Segment Start: Material for this task

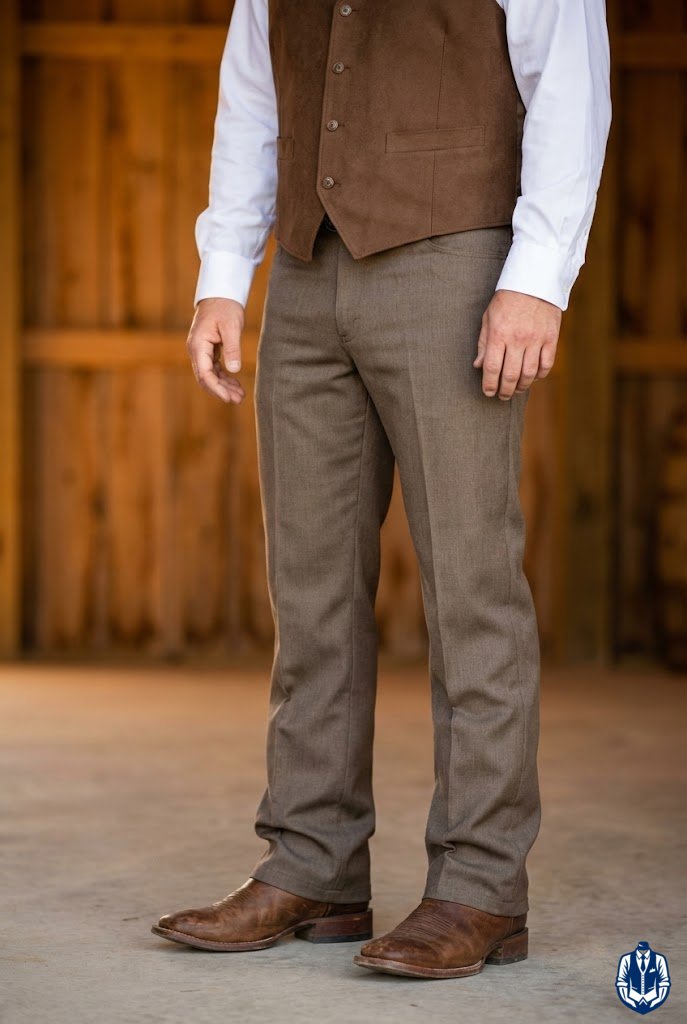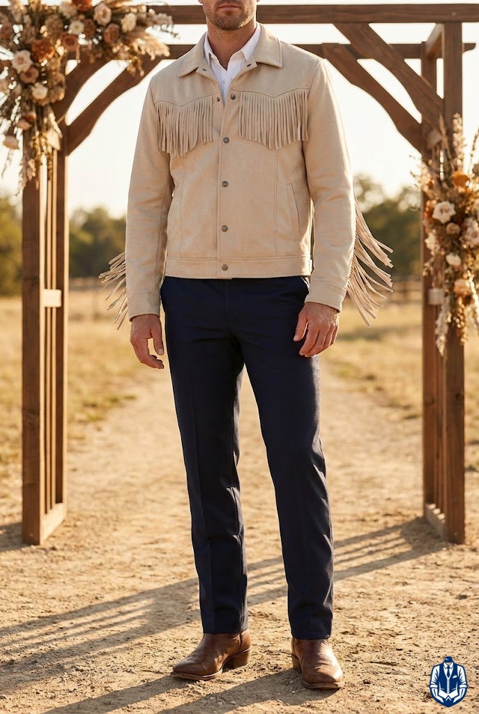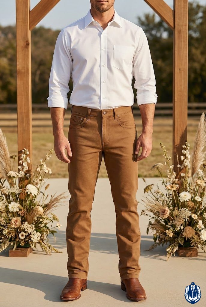 Subtle Western stitching gives the pants cowboy wedding flair. You don’t need actual chaps; look for trousers that feature reinforced stitching or fabric overlays that mimic the look of riding gear. It’s a subtle nod to the rodeo.
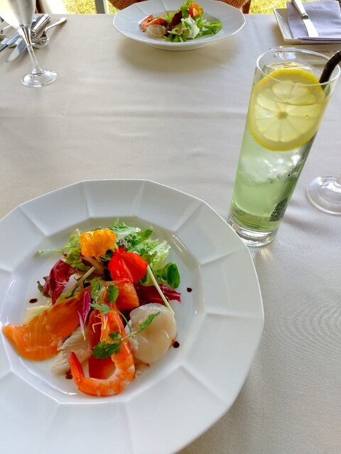 リゾート内で栽培されたハーブをふんだんに用いたフレンチコース 昼はさわやかな高原の景色を 夜は素敵なイルミネーションを見ながらの食事を楽しむことができます
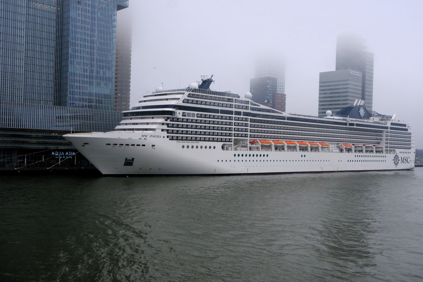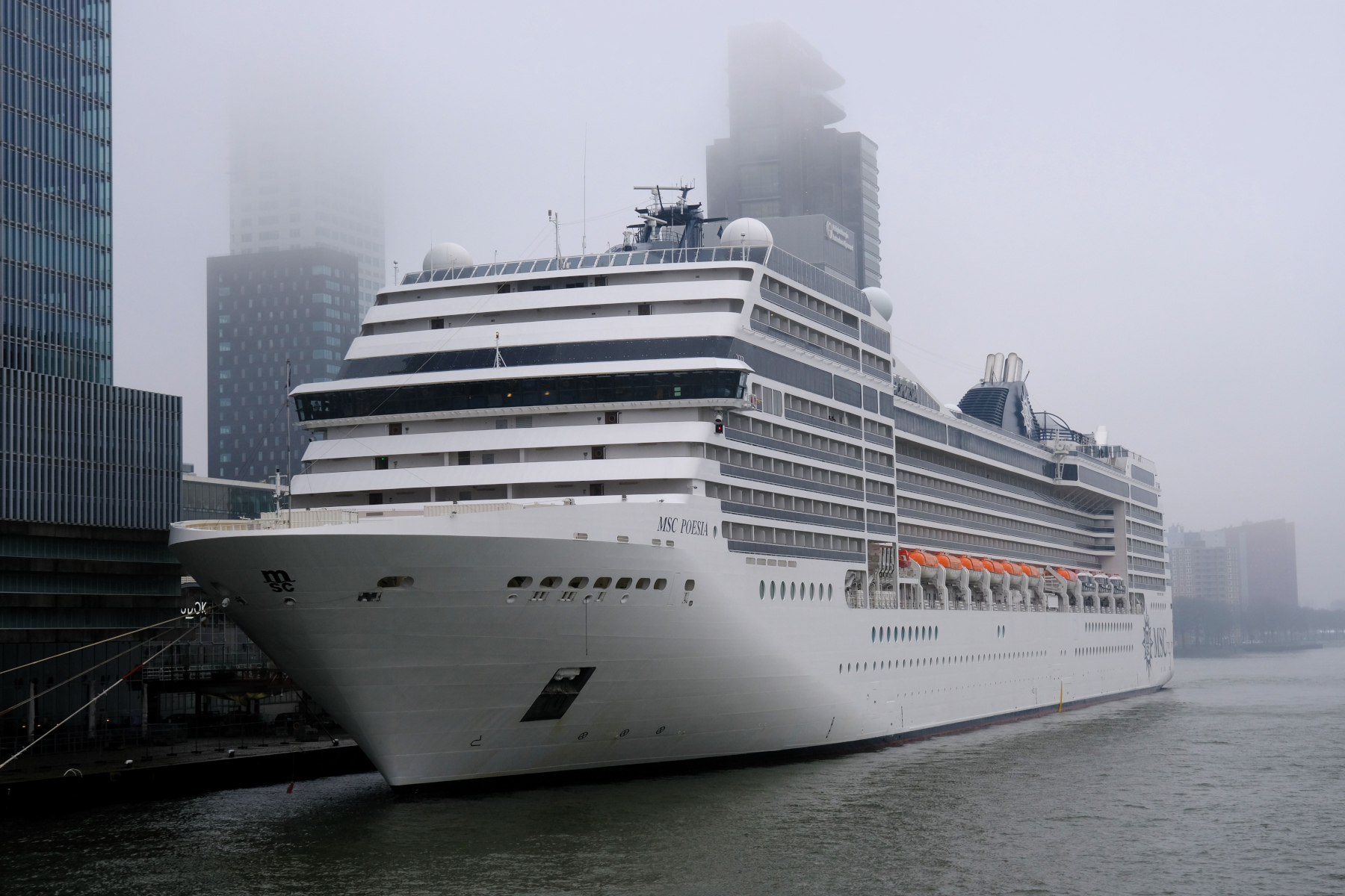 De MSC Poesia aan de Holland Amerikakade met de gebouwen in de mist of lage bewolking
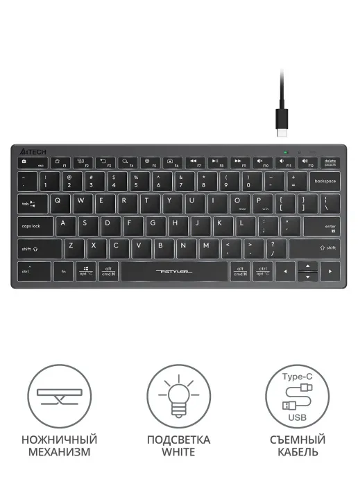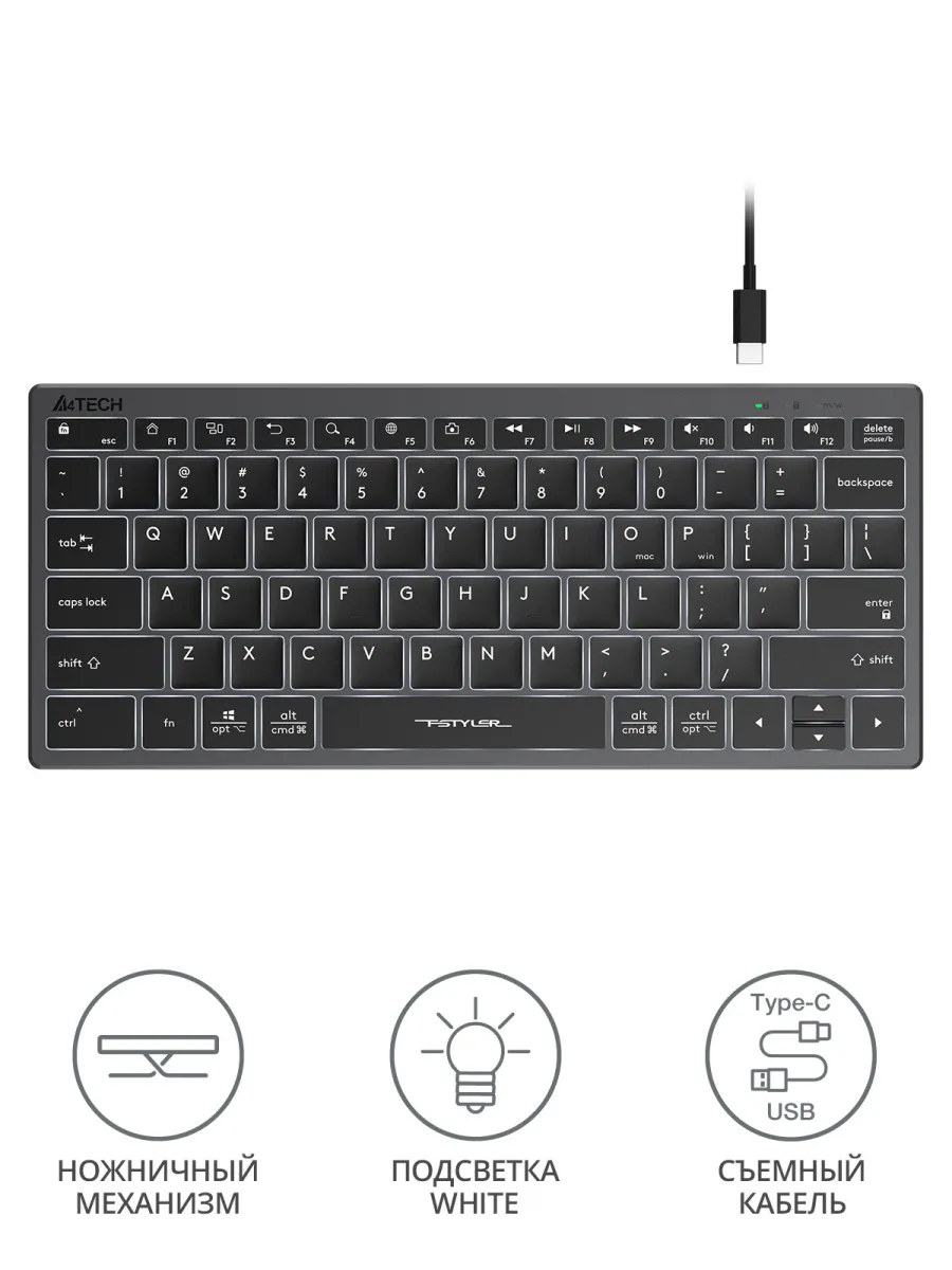 Клавиатура A4Tech Fstyler FX61 серый USB slim LED (FX61 GREY). Компактный размер. Ножничный тип нажатия клавиш. Горячие мультимедийные клавиши: 12 Fn. Благодаря съемному кабелю с разъемом USB Type-C транспортировка клавиатуры станет еще удобнее. Ультратонкая форма кейкапов для быстрого и удобного набора текста.
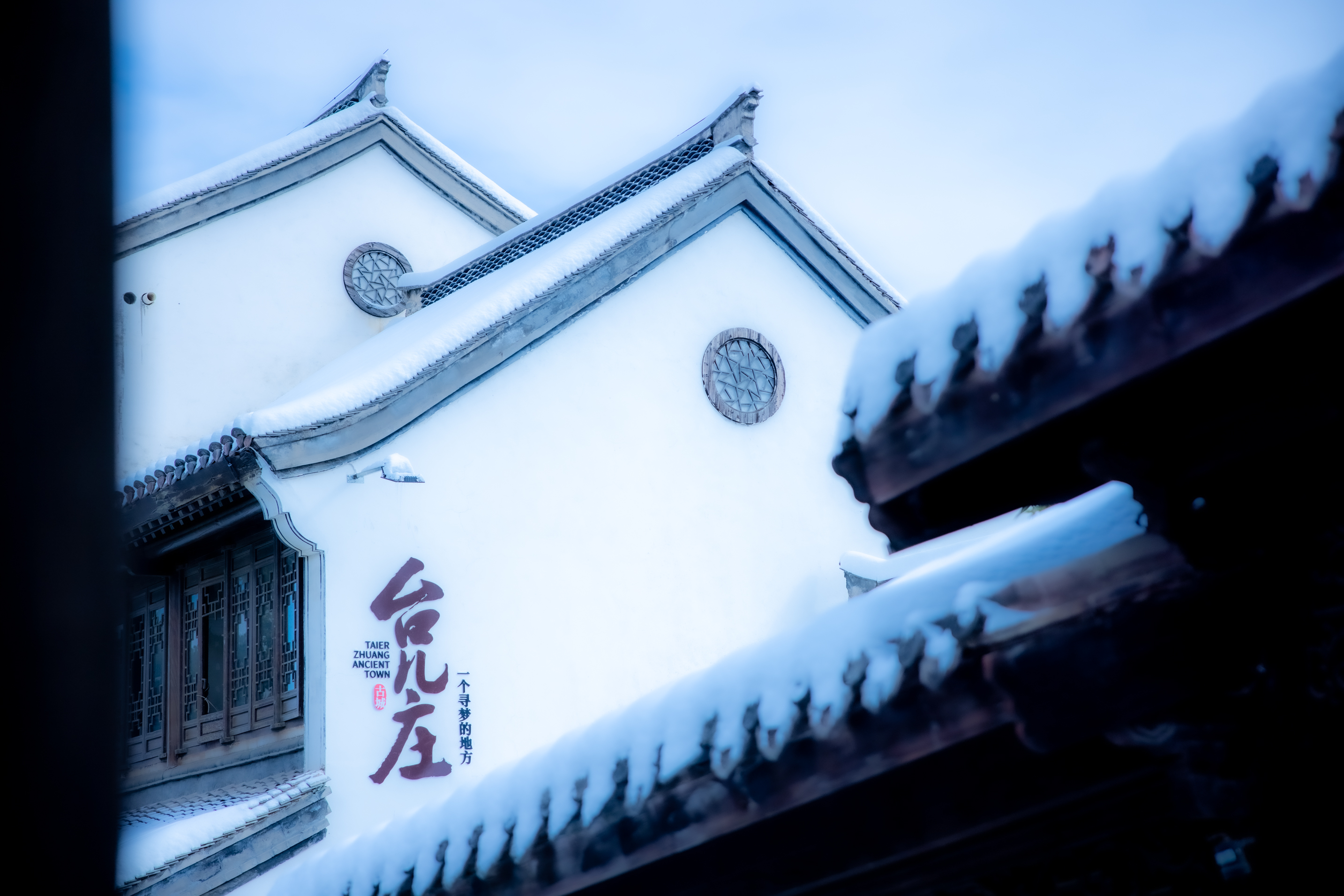 一夜风雪,台儿庄古城厚重的青黑屋檐覆上松软白雪,轮廓变得温柔,美得不像话,像诗。(台儿庄融媒高启华台儿庄古城时培京拍摄)

Segment End: Material for this task

**Exercise goal**
Write out, word for word, the lines running from the one containing "De MSC Poesia" to the end of the data above; the pictures are to be left out.

**Answer for this exercise**
 De MSC Poesia aan de Holland Amerikakade met de gebouwen in de mist of lage bewolking
 Клавиатура A4Tech Fstyler FX61 серый USB slim LED (FX61 GREY). Компактный размер. Ножничный тип нажатия клавиш. Горячие мультимедийные клавиши: 12 Fn. Благодаря съемному кабелю с разъемом USB Type-C транспортировка клавиатуры станет еще удобнее. Ультратонкая форма кейкапов для быстрого и удобного набора текста.
 一夜风雪,台儿庄古城厚重的青黑屋檐覆上松软白雪,轮廓变得温柔,美得不像话,像诗。(台儿庄融媒高启华台儿庄古城时培京拍摄)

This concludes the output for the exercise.